Bins 4 and 5 are unalignable — every contact involving them is zero. The filter step should drop them.
For real data, replace this with a path to your own .cool or .hic file and load it with load_cm_data(...) (see tutorial_load_hic.ipynb).
tmpdir = tempfile.mkdtemp(prefix='gunz_cm_tutorial_filter_')
fpath = str(Path(tmpdir) / 'synthetic.cool')
n_bins = 7
resolution = 1_000_000
unalignable = {4, 5} # bins that the filter should drop
bins = pd.DataFrame({
'chrom': ['chr1'] * n_bins,
'start': [i * resolution for i in range(n_bins)],
'end': [(i + 1) * resolution for i in range(n_bins)],
})
rows, cols, counts = [], [], []
for i in range(n_bins):
for j in range(i, n_bins):
dist = abs(bins['start'].iloc[i] - bins['start'].iloc[j])
weight = 100.0 * np.exp(-dist / 2_000_000.0)
# 3x coverage bias on the first two bins (simulate mappability bias)
if i < 2 or j < 2:
weight *= 3.0
# Force unalignable bins to zero (so the filter has something to drop)
if i in unalignable or j in unalignable:
weight = 0.0
rows.append(i)
cols.append(j)
counts.append(weight)
pixels = pd.DataFrame({'bin1_id': rows, 'bin2_id': cols, 'count': counts})
cooler.create_cooler(fpath, bins, pixels, symmetric_upper=True, mode='w')
print(f'Created: {fpath} (unalignable bins embedded)')
print(f' - 1 chromosome, {len(bins)} bins, {(np.array(counts) > 0).sum()} non-zero pixels (before filter)')
print(f' - {len(unalignable)} unalignable bins (indices {sorted(unalignable)}) embedded in the data')
Created: /tmp/gunz_cm_tutorial_filter_2qksu8d2/synthetic.cool (unalignable bins embedded)
- 1 chromosome, 7 bins, 15 non-zero pixels (before filter)
- 2 unalignable bins (indices [4, 5]) embedded in the data
Step 1: Apply the empty-row/column filter#
filter_empty_rowcols removes rows and columns that contain only zeros (unalignable regions). For a dense numpy matrix, the function requires is_triu_sym=False because dense symmetric filtering is not yet implemented (see the upstream issue). If the function ever raises on a different input, we fall back to a manual numpy mask.
clr = cooler.Cooler(fpath)
matrix_raw = clr.matrix(balance=False).fetch('chr1')

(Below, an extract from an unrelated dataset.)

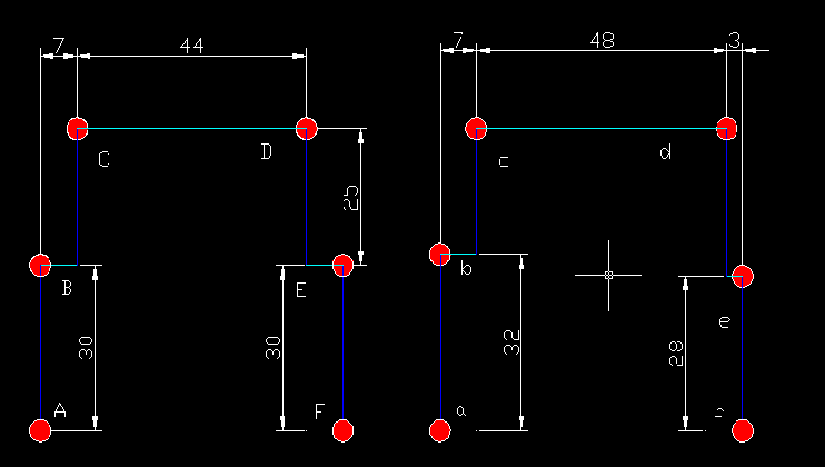 左邊的圖形是我所需要的,在A,B,C,D,E,F點沖孔,A移動到B,用步進電機移動沖頭,單向5次; B向C移動沖頭的同時,

print('Before filter: shape={}, non-zero entries={}, sum={}'.format(
matrix_raw.shape, int((matrix_raw > 0).sum()), float(matrix_raw.sum())))
try:
matrix_filt = filter_empty_rowcols(matrix_raw, is_triu_sym=False)
print('After filter: shape={}, non-zero entries={}, sum={}'.format(
matrix_filt.shape, int((matrix_filt > 0).sum()), float(matrix_filt.sum())))
print(' - dropped 2 empty bins (rows/cols with all-zero entries)')
print('Filter function signature used: filter_empty_rowcols(matrix, is_triu_sym=False)')
except NotImplementedError as e:
# Manual fallback: drop rows/cols that are entirely zero.
keep = (matrix_raw.sum(axis=1) > 0) & (matrix_raw.sum(axis=0) > 0)
matrix_filt = matrix_raw[np.ix_(keep, keep)]
print(f'Fallback filter engaged: {e}')
print('After filter: shape={}, sum={}'.format(matrix_filt.shape, float(matrix_filt.sum())))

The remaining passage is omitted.